● **The records**
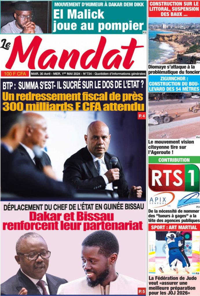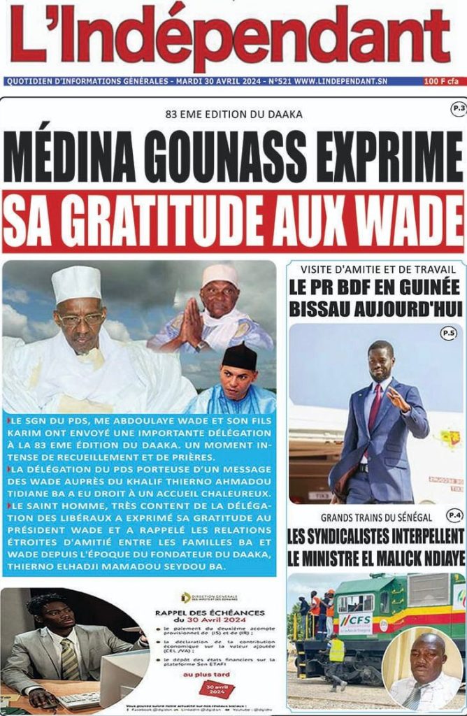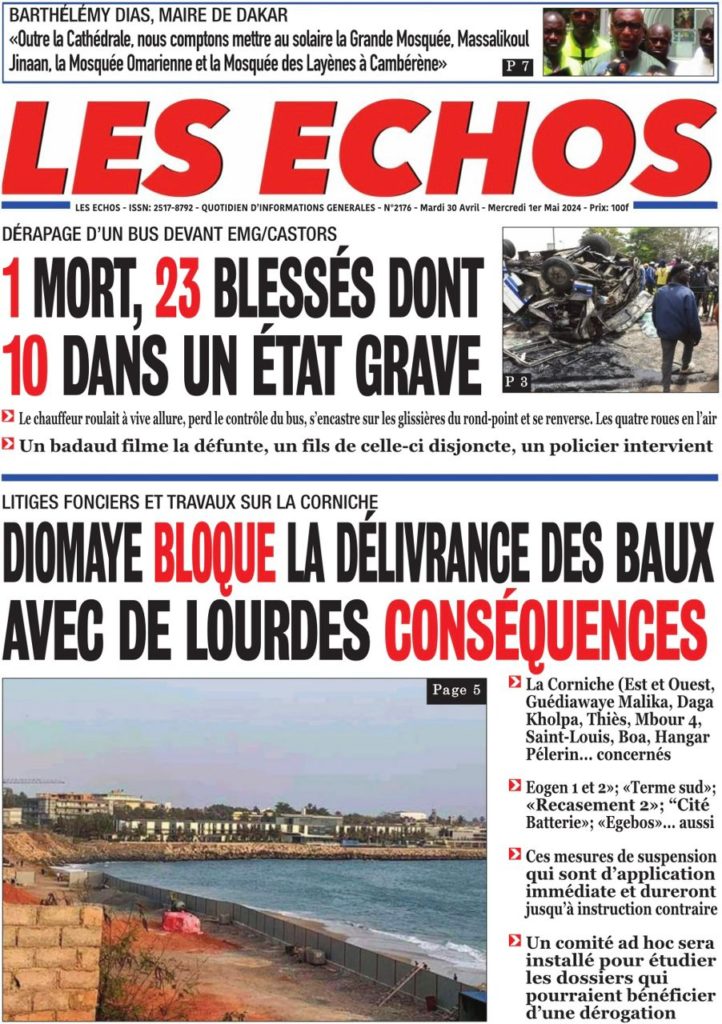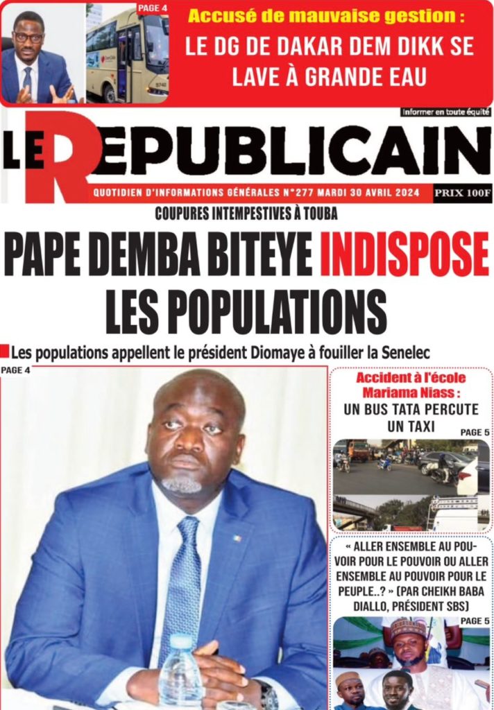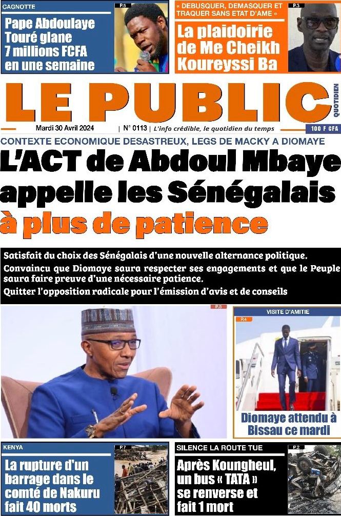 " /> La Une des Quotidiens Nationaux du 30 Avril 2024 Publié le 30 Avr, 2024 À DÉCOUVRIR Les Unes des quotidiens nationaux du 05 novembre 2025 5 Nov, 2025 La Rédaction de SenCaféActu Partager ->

--

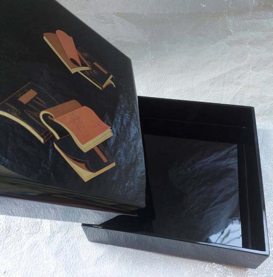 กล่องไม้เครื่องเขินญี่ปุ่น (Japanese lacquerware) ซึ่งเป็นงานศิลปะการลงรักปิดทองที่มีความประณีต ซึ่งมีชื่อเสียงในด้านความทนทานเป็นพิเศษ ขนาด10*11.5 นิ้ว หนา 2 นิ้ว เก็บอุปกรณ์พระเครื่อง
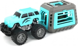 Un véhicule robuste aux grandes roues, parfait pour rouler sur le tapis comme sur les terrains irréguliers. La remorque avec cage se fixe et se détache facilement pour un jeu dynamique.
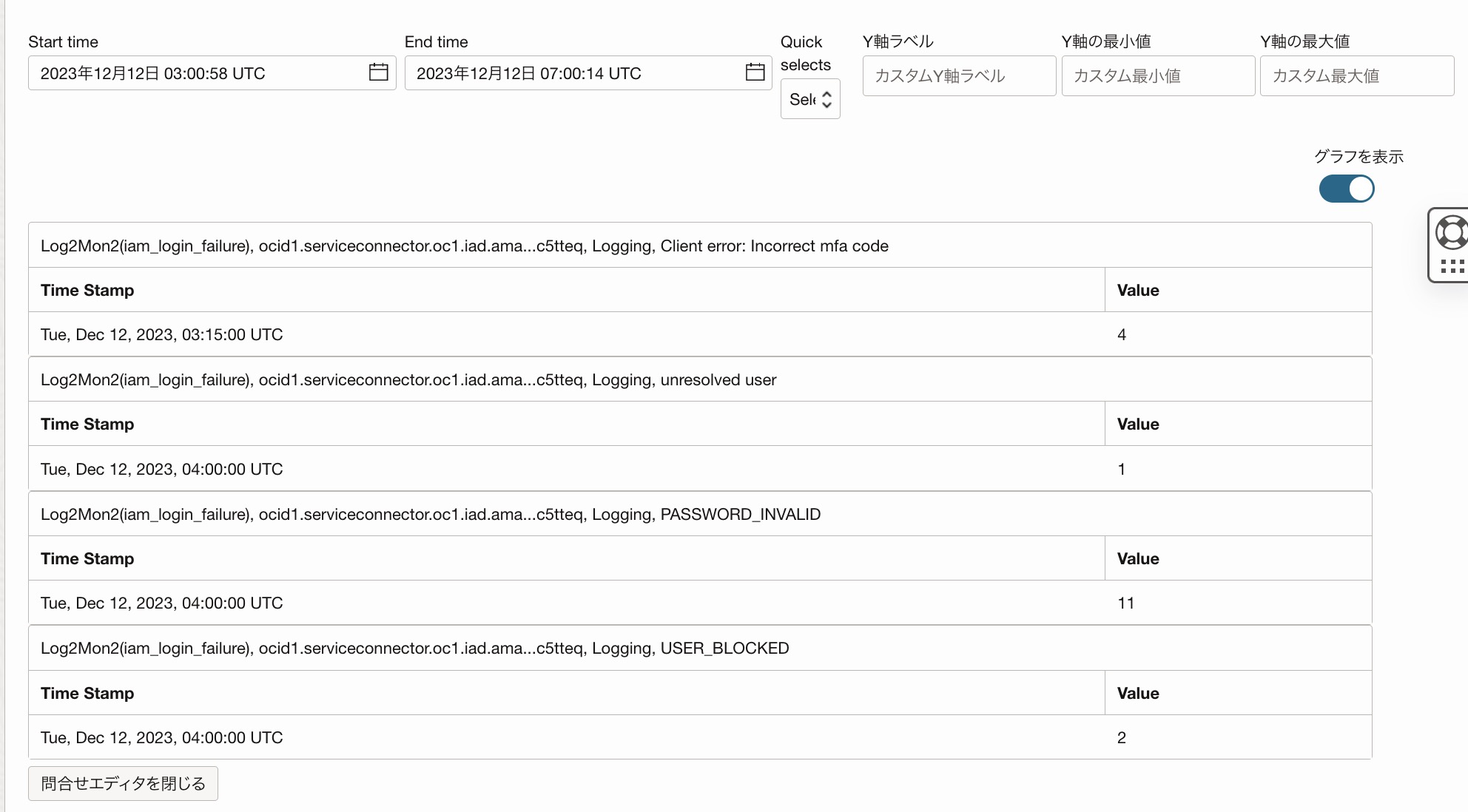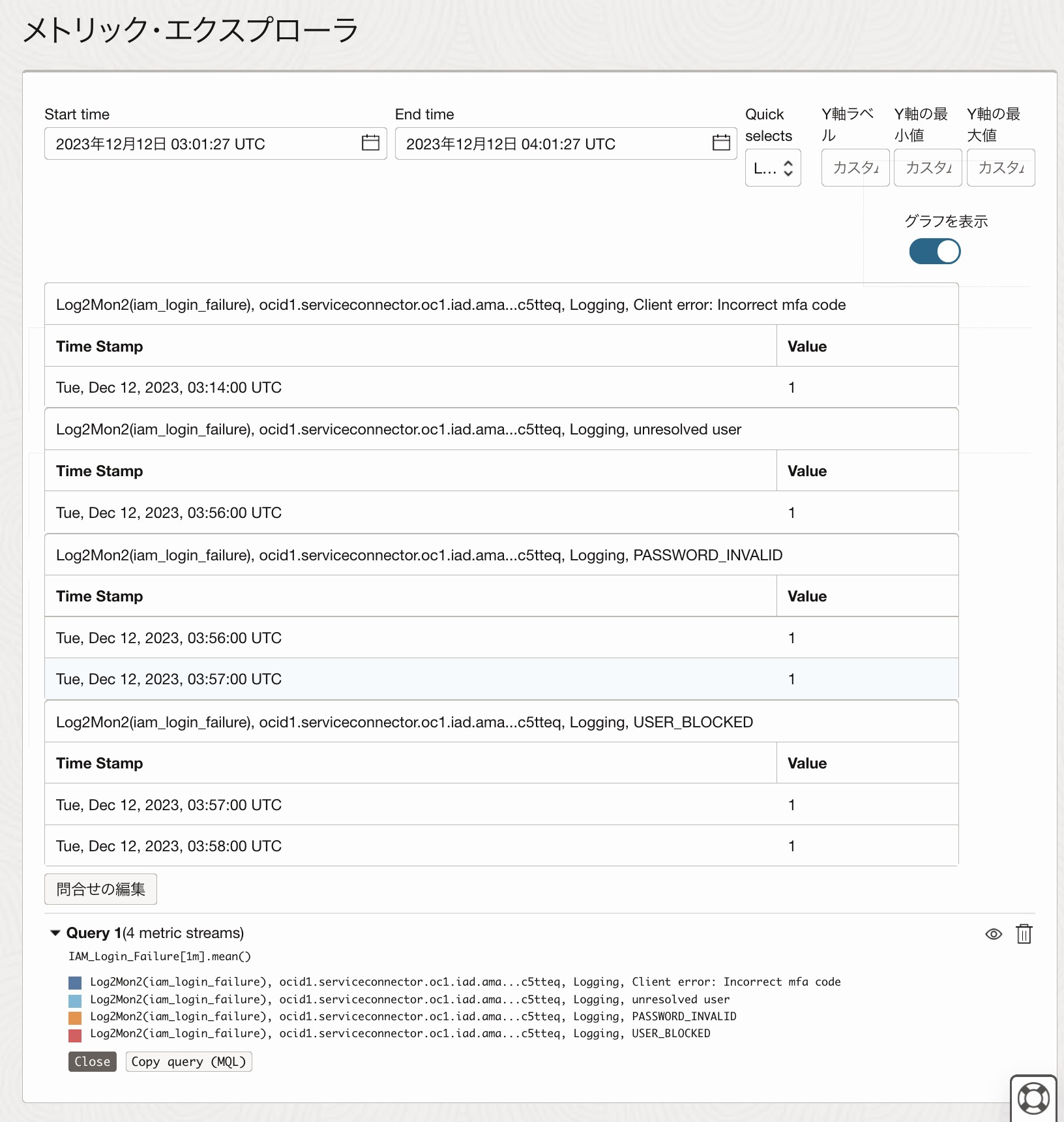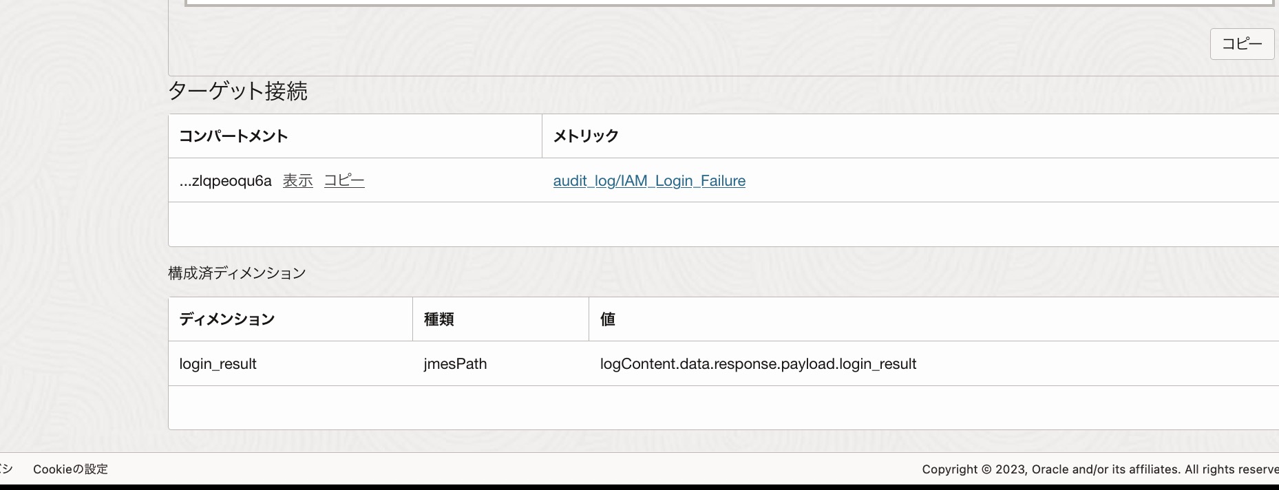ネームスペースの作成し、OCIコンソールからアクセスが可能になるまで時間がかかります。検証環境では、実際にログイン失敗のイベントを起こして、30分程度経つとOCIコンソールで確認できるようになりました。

● **Task requirements**
In the records above, copy exactly everything from the line that has "Un véhicule robuste" down to the line that has "ネームスペースの作成し、OC", both ends included, and leave out the pictures.

● **Written solution**
 Un véhicule robuste aux grandes roues, parfait pour rouler sur le tapis comme sur les terrains irréguliers. La remorque avec cage se fixe et se détache facilement pour un jeu dynamique.
ネームスペースの作成し、OCIコンソールからアクセスが可能になるまで時間がかかります。検証環境では、実際にログイン失敗のイベントを起こして、30分程度経つとOCIコンソールで確認できるようになりました。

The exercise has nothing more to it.